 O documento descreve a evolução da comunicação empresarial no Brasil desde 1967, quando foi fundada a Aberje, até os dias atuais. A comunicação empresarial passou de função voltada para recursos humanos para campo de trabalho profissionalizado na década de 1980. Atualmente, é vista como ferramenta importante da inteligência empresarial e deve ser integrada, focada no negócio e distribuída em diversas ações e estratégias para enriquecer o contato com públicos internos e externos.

---

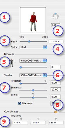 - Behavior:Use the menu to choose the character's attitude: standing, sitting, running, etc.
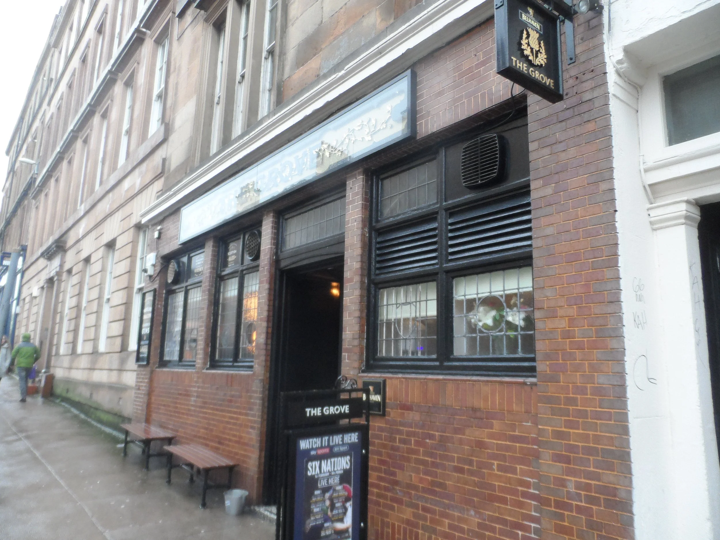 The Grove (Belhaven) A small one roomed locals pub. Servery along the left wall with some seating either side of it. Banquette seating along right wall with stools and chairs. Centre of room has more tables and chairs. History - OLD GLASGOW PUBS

---

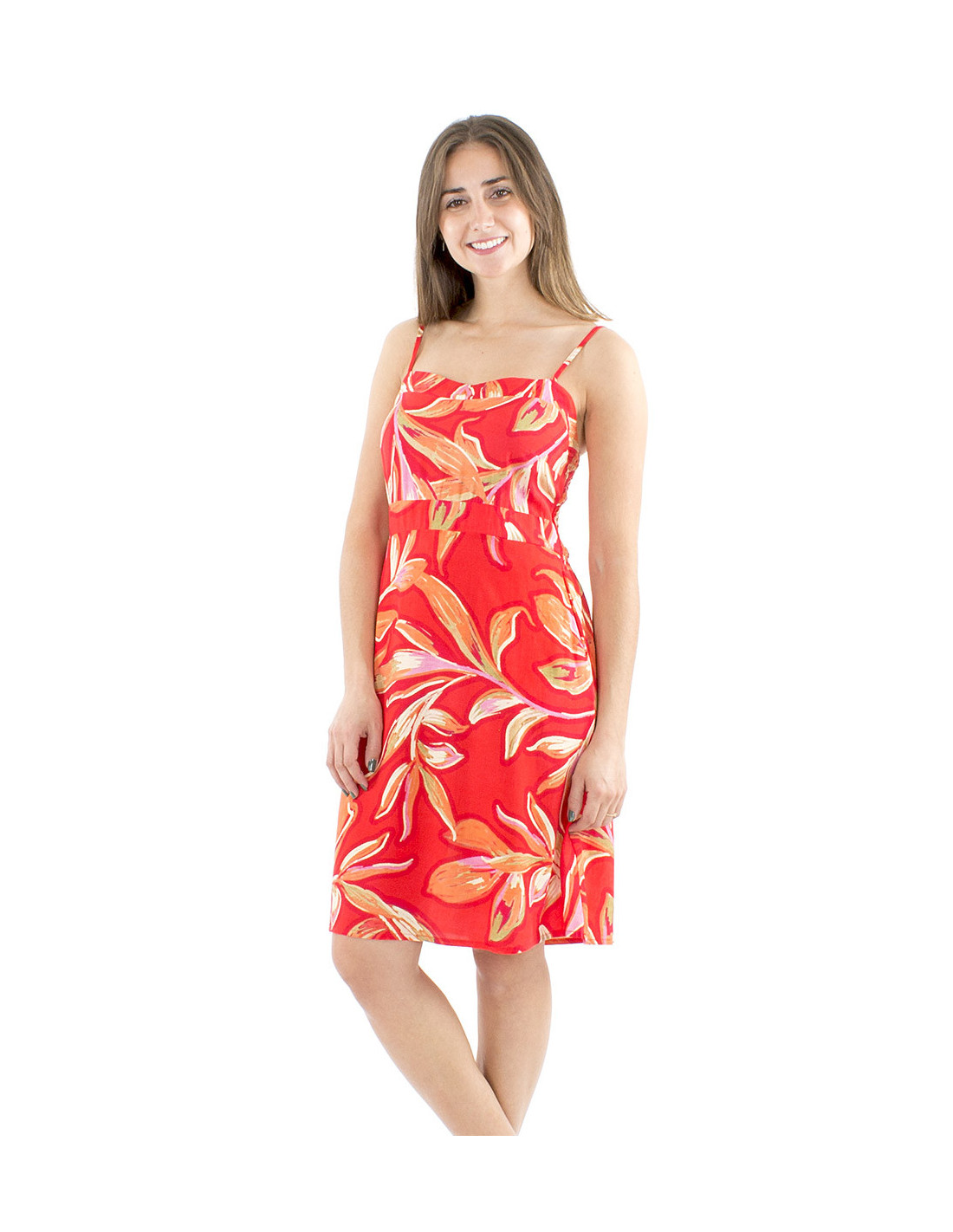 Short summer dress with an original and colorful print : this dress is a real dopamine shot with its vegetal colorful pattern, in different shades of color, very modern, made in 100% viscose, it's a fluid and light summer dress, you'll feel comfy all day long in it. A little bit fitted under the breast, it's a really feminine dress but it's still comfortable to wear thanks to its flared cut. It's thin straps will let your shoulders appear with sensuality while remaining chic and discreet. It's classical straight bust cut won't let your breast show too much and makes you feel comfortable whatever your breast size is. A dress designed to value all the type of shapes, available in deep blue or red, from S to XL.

[Required work]
Using the data above, transcribe exactly the lines between those containing "- Behavior:Use the" and "The Grove (Belhaven)", inclusive, and leave every picture behind.

[Solution to the exercise]
 - Behavior:Use the menu to choose the character's attitude: standing, sitting, running, etc.
 The Grove (Belhaven) A small one roomed locals pub. Servery along the left wall with some seating either side of it. Banquette seating along right wall with stools and chairs. Centre of room has more tables and chairs. History - OLD GLASGOW PUBS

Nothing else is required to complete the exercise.